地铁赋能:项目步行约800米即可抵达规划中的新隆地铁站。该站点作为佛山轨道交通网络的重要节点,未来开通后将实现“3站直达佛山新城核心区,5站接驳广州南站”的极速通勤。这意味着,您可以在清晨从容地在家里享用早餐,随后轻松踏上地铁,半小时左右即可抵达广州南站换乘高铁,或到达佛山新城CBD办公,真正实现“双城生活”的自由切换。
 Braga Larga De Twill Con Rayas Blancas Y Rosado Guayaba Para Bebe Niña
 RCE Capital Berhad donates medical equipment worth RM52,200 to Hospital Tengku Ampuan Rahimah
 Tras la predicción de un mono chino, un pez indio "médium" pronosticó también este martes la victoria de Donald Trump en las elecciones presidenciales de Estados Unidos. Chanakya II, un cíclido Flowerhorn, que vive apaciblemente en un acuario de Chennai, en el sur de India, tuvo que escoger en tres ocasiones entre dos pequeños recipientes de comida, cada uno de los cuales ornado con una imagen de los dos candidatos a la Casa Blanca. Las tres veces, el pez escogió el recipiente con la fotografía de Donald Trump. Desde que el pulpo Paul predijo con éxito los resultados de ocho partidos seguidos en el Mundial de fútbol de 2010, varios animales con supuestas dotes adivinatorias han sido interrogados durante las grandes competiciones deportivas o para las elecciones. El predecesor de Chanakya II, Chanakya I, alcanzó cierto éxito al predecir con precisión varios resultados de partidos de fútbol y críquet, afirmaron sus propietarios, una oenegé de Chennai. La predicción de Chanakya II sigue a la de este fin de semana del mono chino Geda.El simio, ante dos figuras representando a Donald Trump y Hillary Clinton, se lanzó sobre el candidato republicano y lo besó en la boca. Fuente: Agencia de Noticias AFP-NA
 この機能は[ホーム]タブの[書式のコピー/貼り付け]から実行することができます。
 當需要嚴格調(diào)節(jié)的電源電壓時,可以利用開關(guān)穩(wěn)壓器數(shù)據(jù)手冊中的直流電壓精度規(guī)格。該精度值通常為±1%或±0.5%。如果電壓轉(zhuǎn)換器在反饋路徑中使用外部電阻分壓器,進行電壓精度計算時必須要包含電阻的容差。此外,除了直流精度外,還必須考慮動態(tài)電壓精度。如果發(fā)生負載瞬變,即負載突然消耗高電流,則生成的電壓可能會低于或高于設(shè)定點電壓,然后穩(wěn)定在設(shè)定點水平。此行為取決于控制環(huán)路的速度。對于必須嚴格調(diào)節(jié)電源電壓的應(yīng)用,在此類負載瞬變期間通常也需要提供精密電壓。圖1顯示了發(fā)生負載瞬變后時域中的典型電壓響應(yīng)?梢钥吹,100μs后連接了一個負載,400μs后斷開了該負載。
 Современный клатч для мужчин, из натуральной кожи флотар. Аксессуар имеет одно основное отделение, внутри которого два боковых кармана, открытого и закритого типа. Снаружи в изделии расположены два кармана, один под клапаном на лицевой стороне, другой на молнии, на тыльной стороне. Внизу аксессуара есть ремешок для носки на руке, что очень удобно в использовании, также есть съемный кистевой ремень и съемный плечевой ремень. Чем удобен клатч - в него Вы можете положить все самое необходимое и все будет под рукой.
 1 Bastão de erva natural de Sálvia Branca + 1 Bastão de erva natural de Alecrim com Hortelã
+ + +
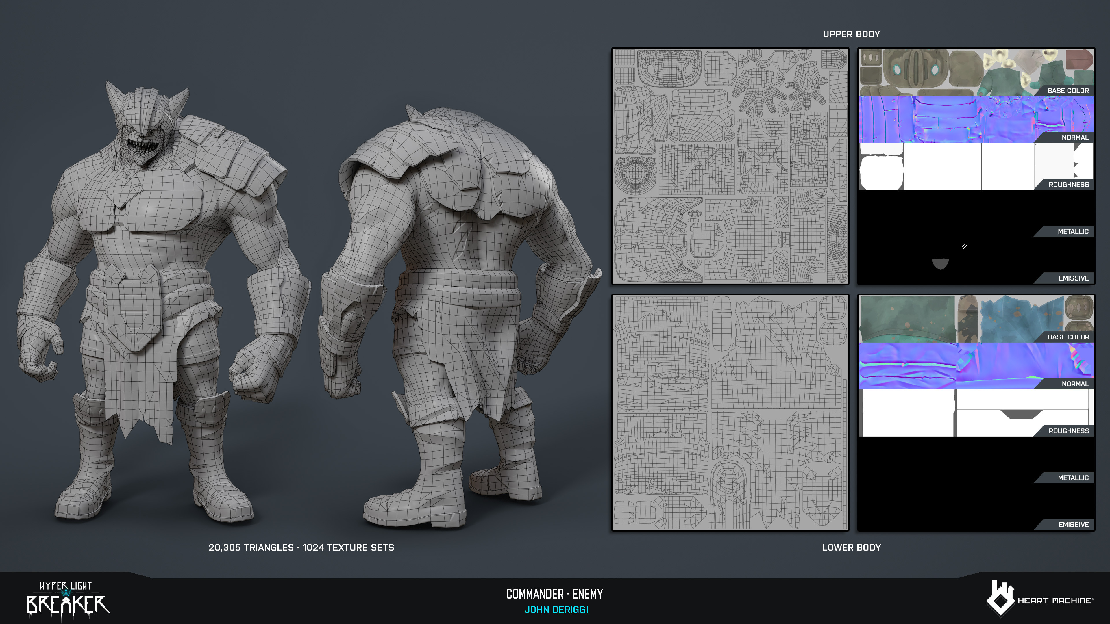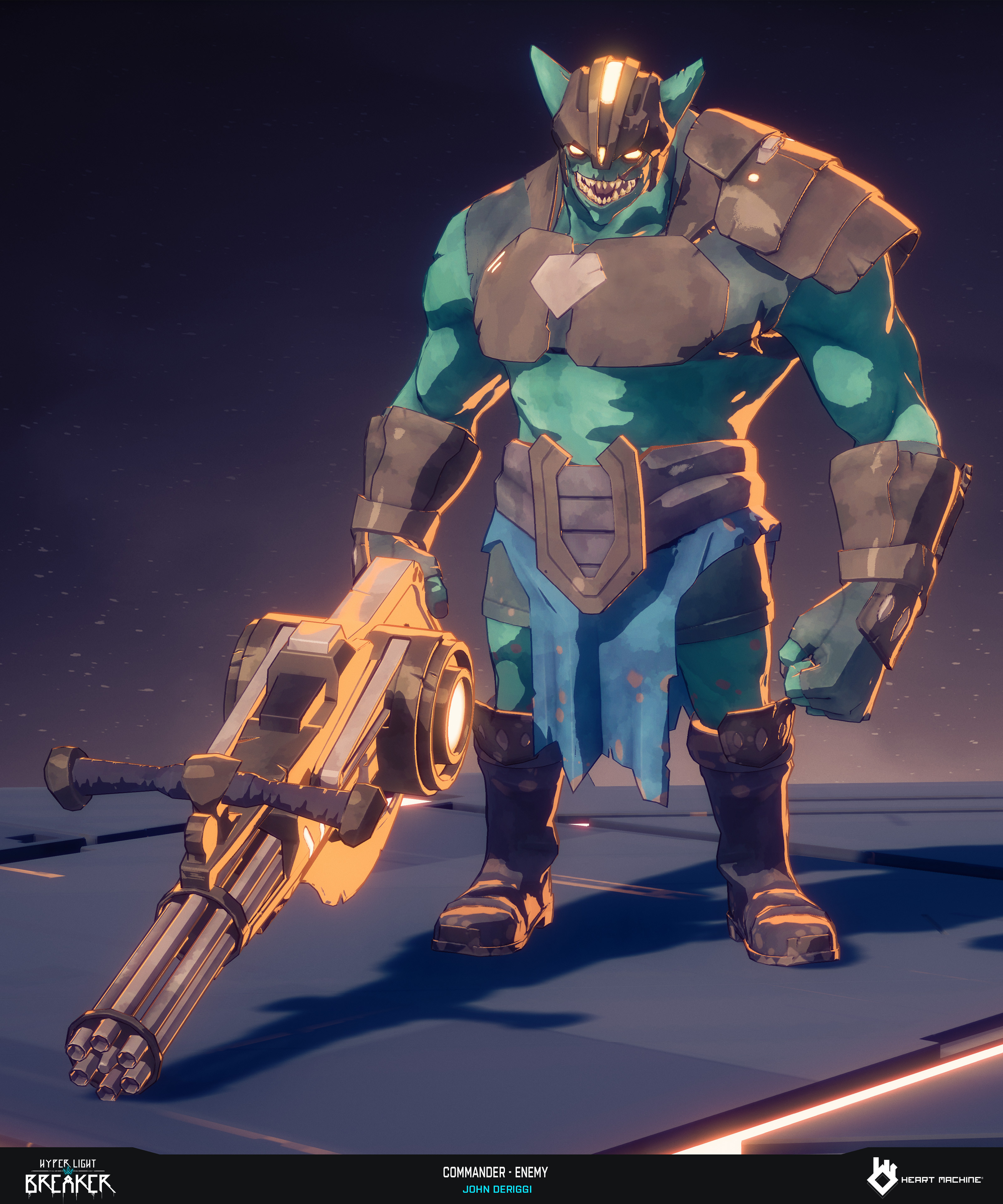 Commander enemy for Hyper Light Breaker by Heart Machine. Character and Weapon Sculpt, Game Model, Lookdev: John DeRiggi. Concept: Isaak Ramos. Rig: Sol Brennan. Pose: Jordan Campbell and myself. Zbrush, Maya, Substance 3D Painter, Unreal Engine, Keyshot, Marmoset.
+ + +
TASK OBJECTIVE: Take the stretch of lines above from the one containing "地铁赋能:项目步行约800米" through the one containing "RCE Capital Berhad" and repeat it exactly, adding no other line.

TASK RESULT:
地铁赋能:项目步行约800米即可抵达规划中的新隆地铁站。该站点作为佛山轨道交通网络的重要节点,未来开通后将实现“3站直达佛山新城核心区,5站接驳广州南站”的极速通勤。这意味着,您可以在清晨从容地在家里享用早餐,随后轻松踏上地铁,半小时左右即可抵达广州南站换乘高铁,或到达佛山新城CBD办公,真正实现“双城生活”的自由切换。
 Braga Larga De Twill Con Rayas Blancas Y Rosado Guayaba Para Bebe Niña
 RCE Capital Berhad donates medical equipment worth RM52,200 to Hospital Tengku Ampuan Rahimah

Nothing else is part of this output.